On-prem infrastructure needs some heavy lifting upfront. But the long-term payoff is control and cost-efficiency that public cloud cannot match. For example, Airbnb shared how migrating just 20% of their Redshift data warehouses back to optimized on-prem PostgreSQL clusters saved them a cool $10 million a year. That’s the cloud database tax for you.
Another great example comes Shopify. They switched to on-prem PostgreSQL to handle 500,000 merchants and peak loads exceeding 100,000 writes per second. By combining high-performant infrastructure with open-source PostgreSQL, their storage and compute costs dropped significantly even at massive scale.
The key to success lies in leveraging simple but robust solutions rather than getting distracted by new specialized cloud databases. PostgreSQL and MySQL (and even SQLite!) have decades of proof across every scale of workload. No need to bet the farm on new exotic datastores. Combine this with infrastructure tailored for your actual data patterns and volumes, and the economies add up tremendously.
Of course, the convenience and automation of cloud databases still make them a tempting offer for small workloads.
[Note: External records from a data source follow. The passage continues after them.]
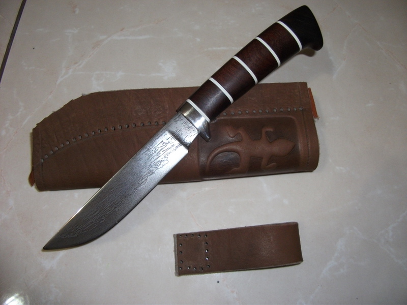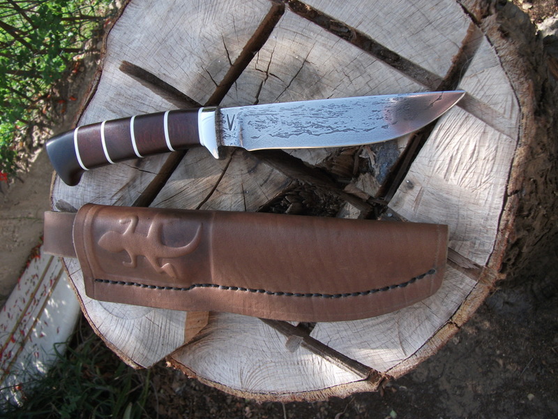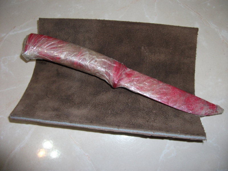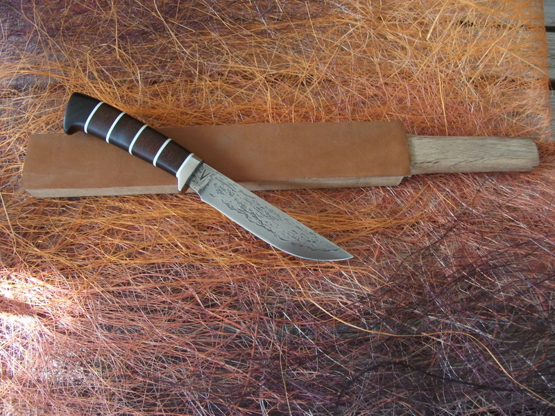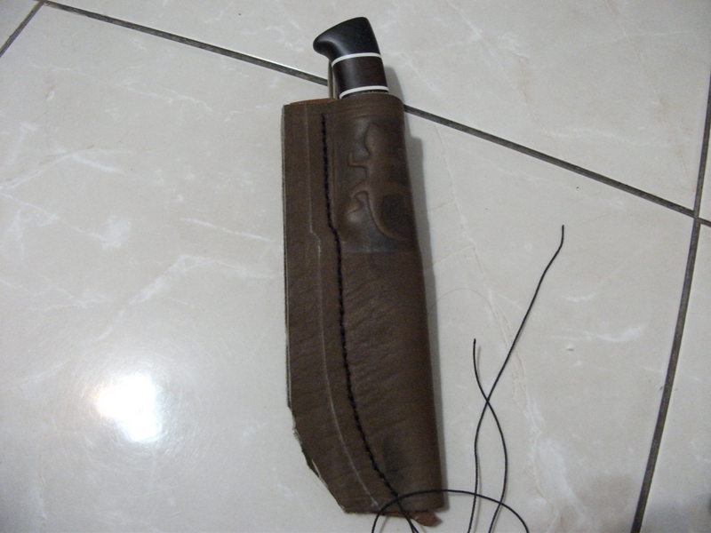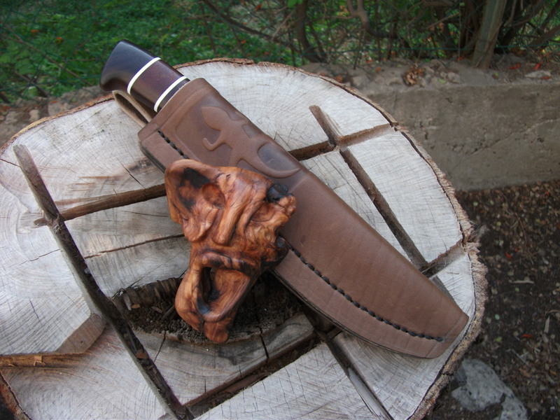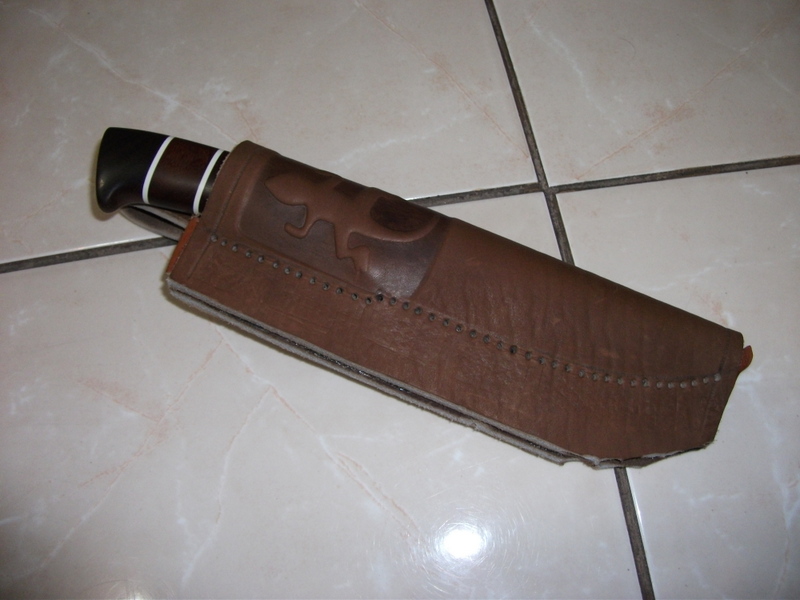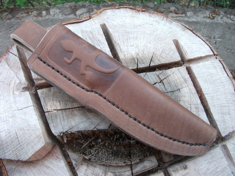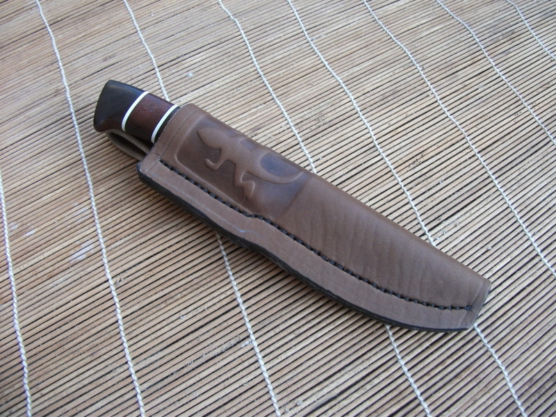 Ножны- кожа 5мм коричневого цвета, тиснение.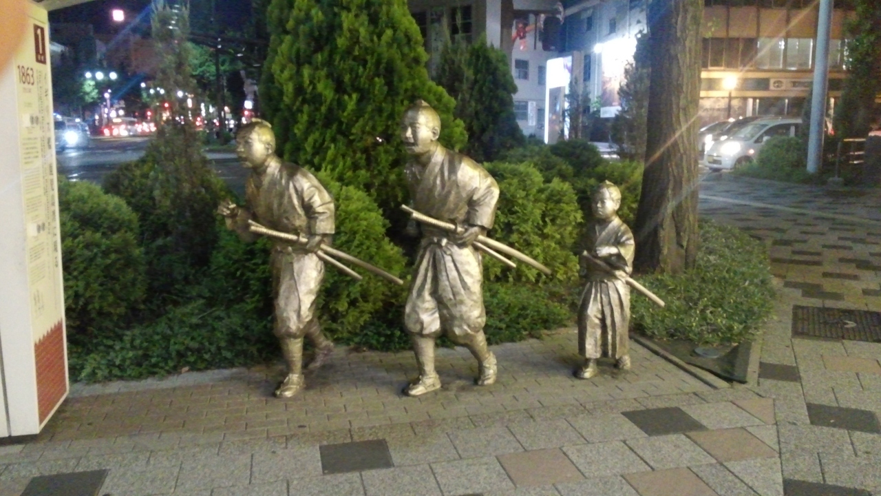 伝統的な日本の服を着て、長い刀を持つの3つの銅像(一名は子供)で、150年前に戦争についての歴史を記念されます。近くのボードでのその歴史に関する資料も紹介されます。日本語でだけでなく、英語の説明もあります。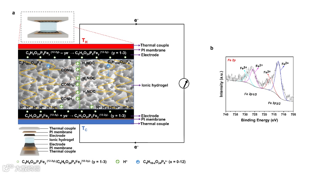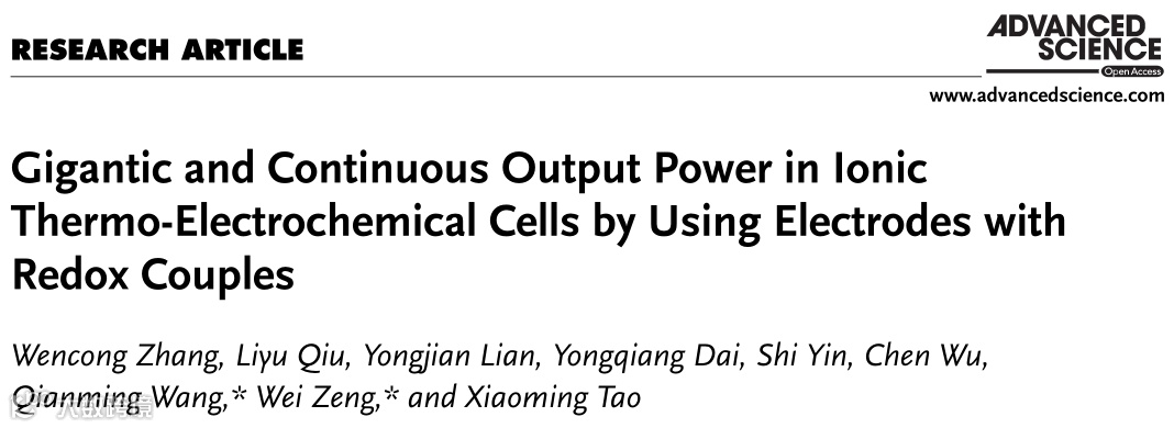 低品位热能广泛存在于环境和工业生产过程中,如:太阳余热、车辆、工业、电子等。由于缺乏经济高效的能源回收技术,这部分能量通常被废弃。传统的热电材料在热电势方面存在限制,通常只能提供较低的热电势(μV/K)。为了克服这一限制,离子热电化学电池(TEC)作为一种有效的新型热电材料被提出,它可以提供更高的热电势,达到每度每毫伏(mV/K)的水平。然而,由于离子不能通过外电路而被限制在液体/电解质介质中,导致其热电转换效率较低。在此,本文将氧化还原电对引入电极表面,可以最大限度地提高传质效率,从而提高离子热电化学电池(TEC)的热电转换性能。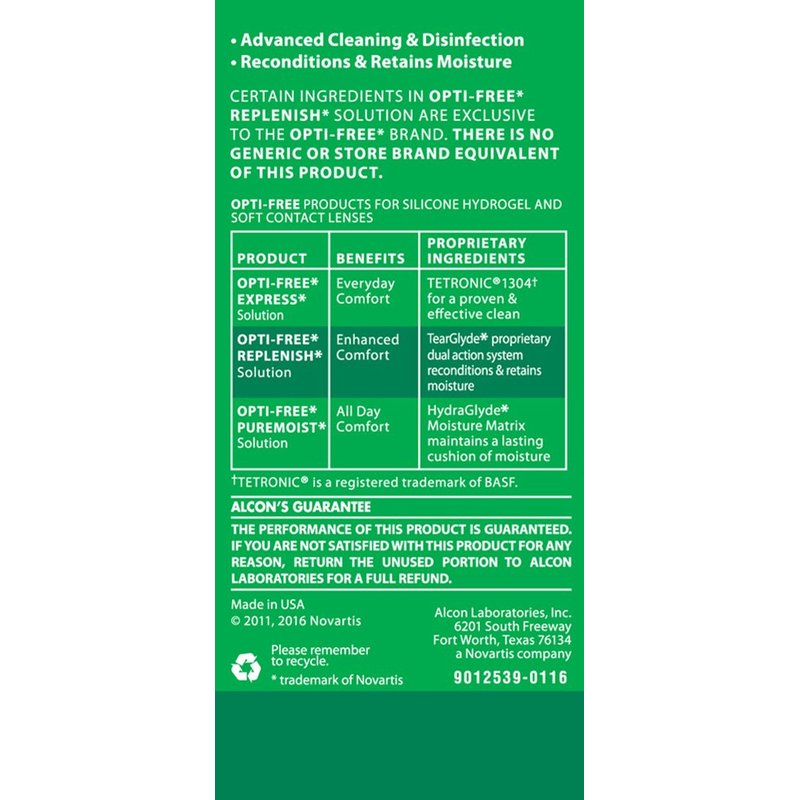 - Opti-Free Replenish provides enhanced comfort with top-notch cleaning and disinfecting power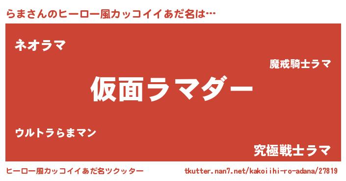 | 男性向けラノベタイトル風あだ名 | 『この素晴らしい世界にらまを!』 |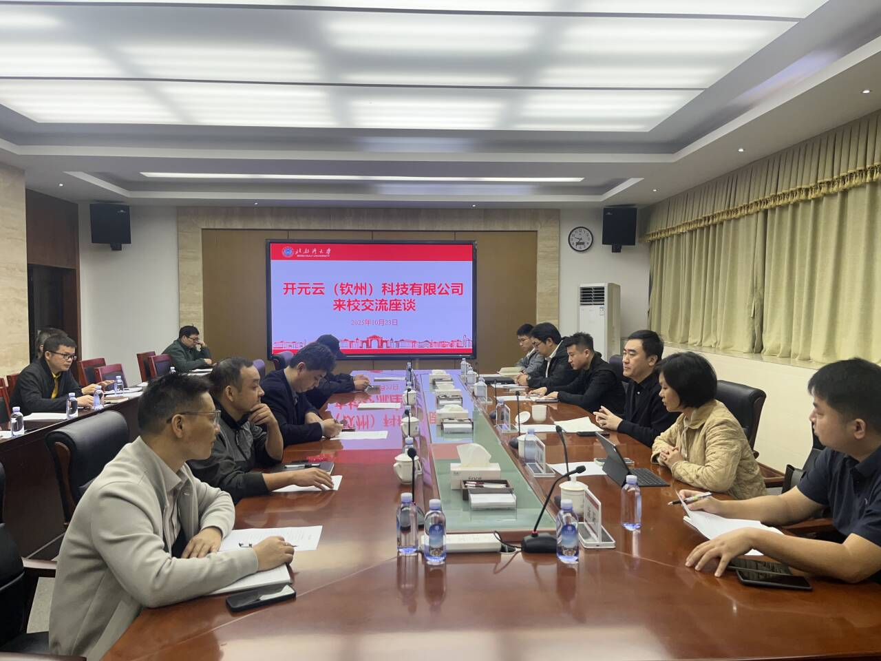 钦州市开投产业投资有限公司、钦州市信息中心,学校科技处及理工科学院相关负责人及骨干教师代表参加座谈。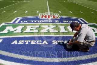 MEXICO D.F. 28AGOSTO2205.- Los preparativos para que el proximo domingo se lleve a cabo, por primera vez en la historia, un partido de temporada regular de la NFL fuera de la unión americana. El encuentro entre los cardinales de arizona y los 49s de San Francisco se jugará en el Estadio Azteca. FOTO: Miguel Dimayuga/CUARTOSCURO.COM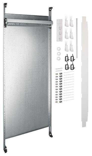 Note: A cable must be connected from the patch panel to the equipotential bonding rail (functional equipotential bonding according to DIN EN 50310 - VDE 0800-2-310) (not included). Partitions from the multimedia field next to other installation kits must be installed depending on the application (not included).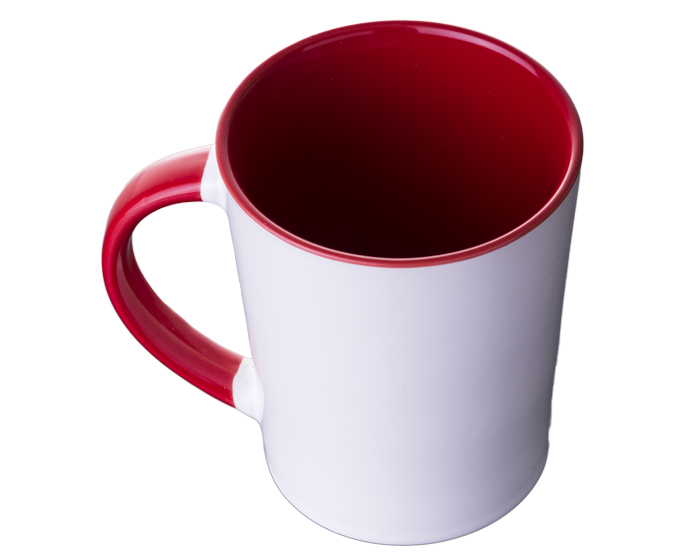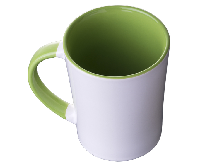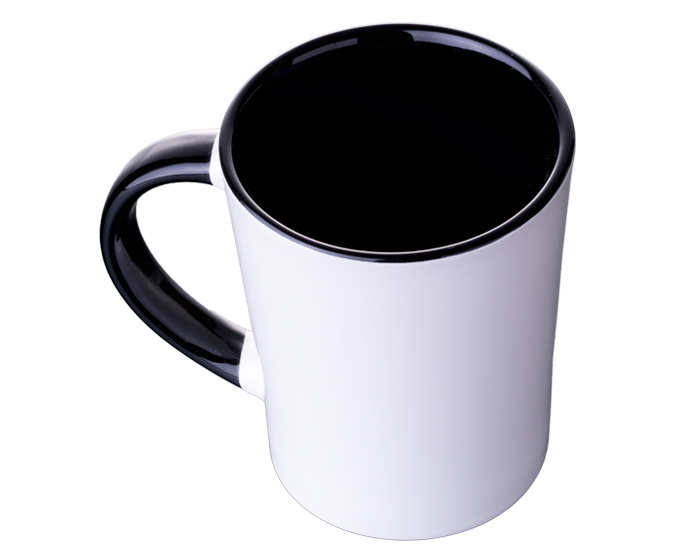 ARLES - Tarro de cerámica bicolor, forma cónica, con asa en combinación, con color interior brillante, acabado liso vitrificado. CAP. 14 OZ. Venta en múltiplos de 12.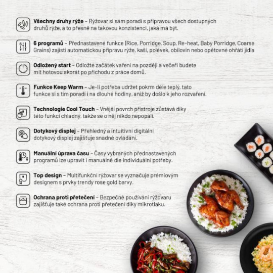Efektivita, snadné použití a design mají společného jmenovatele, je jím víceúčelový rýžovar Lauben Multifunction Rice Cooker 1200WR Rose Gold Edition. Stiskem jediného tlačítka uvaří všechny druhy rýže na správnou tvrdost a 6 přednastavených funkcí vykouzlí další pokrmy jako kaše nebo polévky. Čas některých programů si však na intuitivním dotykovém displeji můžete nastavit i manuálně. Díky funkci odloženého startu lze mít jídlo připraveno už po návratu domů, opozdilci zase ocení funkci Keep Warm, která udrží pokrm teplý bez rozvaření. Porce nasytí jednotlivce i páry, jež pak mají více času pro sebe, protože ani údržba nezabere čas. Vnitřní hrnec lze dát do myčky. Bezpečné používání zajišťuje ochrana proti přetečení a technologie Cool Touch proti popálení. Rýžovar bude ozdobou každé kuchyně, kterou rozzáří trendy rose gold barvou, a přitom nezabere takřka žádné místo.
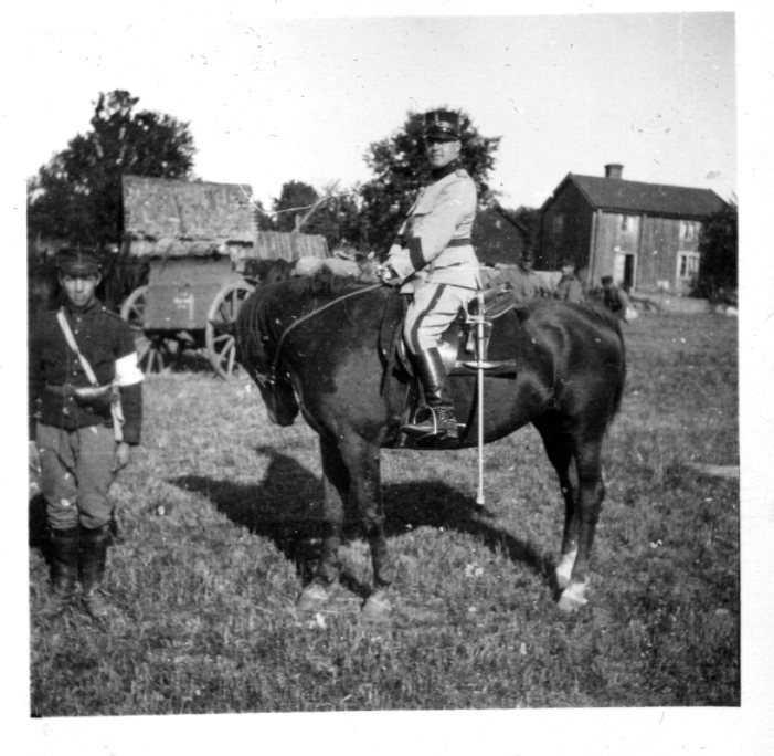 Holm, doktor. Till häst. 1.Div. A 6, på manöver.

But technical leaders should be aware that bringing database management back in-house is increasingly a viable and cost-efficient path at scale. One that puts control firmly back in your hands. The savings of even partially repatriating database infrastructure quickly justifies the operational overhead for most mid-size companies upwards.
In the end, every infrastructure choice involves complex trade-offs. As cloud data bills threaten to spiral out of control, on-prem databases are proving their mettle as battle-hardened solutions perfectly poised for a comeback!